Probability did not arrive fully formed. It was built up over four centuries by gamblers, actuaries, astronomers, biologists, and finally pure mathematicians, each pulling the subject toward their own problem. The historical arc has two intertwined threads. One is technical: counting outcomes, then summing infinite series, then proving limit theorems, then axiomatising the whole edifice on measure theory in 1933. The other is philosophical: what does the number we call a probability actually mean — a symmetry of physical objects, a long-run frequency, a personal degree of belief, or an abstract measure on a sample space? The same calculation can be defended from any of these positions, and the history of probability is, just beneath the surface, the history of an unresolved argument about what the calculation is about.

Author's framing: The same formula can be read four different ways. The history of probability is the slow process of building the formula while still arguing about what it refers to.

Why it matters

Knowing the history is not decoration. It explains why probability has multiple legitimate interpretations and why working statisticians switch between them depending on the problem. When a frequentist quotes a confidence interval and a Bayesian quotes a credible interval, they are not making the same statement — and the difference traces directly back to whether you stand with Bernoulli (long-run frequencies are the real thing) or with Bayes and Laplace (probabilities are degrees of belief, updatable by evidence). Cardano's gambling questions, Pascal and Fermat's letters, Laplace's monumental synthesis, and Kolmogorov's axioms are not antiquarian trivia; they are the layers underneath every probability statement you read today.

Key takeaways

Mental model — five milestones across four centuries

A four-act story

Early developments: gamblers learn to count (1500s-1650s)

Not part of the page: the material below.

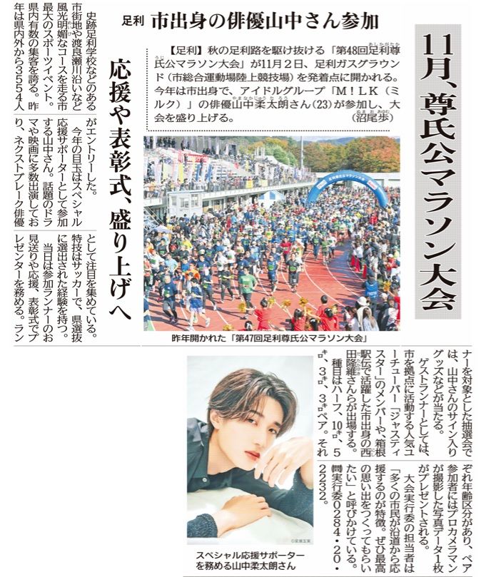 山中さんの応援サポーター就任を報じる下野新聞記事(2025年9月19日付)

The first questions about chance came from people with money on the table. Girolamo Cardano, a 16th-century Italian polymath, gambler, and physician, wrote Liber de Ludo Aleae (Book on Games of Chance) — the first systematic treatment of dice problems — though it was not published until 1663, long after his death. Around 1600 a different group of Florentine dice players ran into a puzzle that perfectly captures the era's confusion. A popular game scored three ordinary dice. There appear to be six combinations summing to nine (6+2+1, 5+3+1, 4+4+1, 4+3+2, 3+3+3, 5+2+2) and six combinations summing to ten — so a total of ten ought to occur as often as nine. Players noticed it did not. They asked Galileo.

Galileo's answer was a counting lesson that still echoes today. Imagine the dice coloured red, green, and blue. Then 3+3+3 is a single ordered outcome, (3,3,3); but 5+2+2 is three (the 5 can fall on any die), and 6+2+1 is six (every permutation of three distinct numbers). Count ordered outcomes, not abstract combinations, and ten genuinely is more probable than nine. The Florentine gamblers had discovered the prerequisite for all of probability: you must count the right thing.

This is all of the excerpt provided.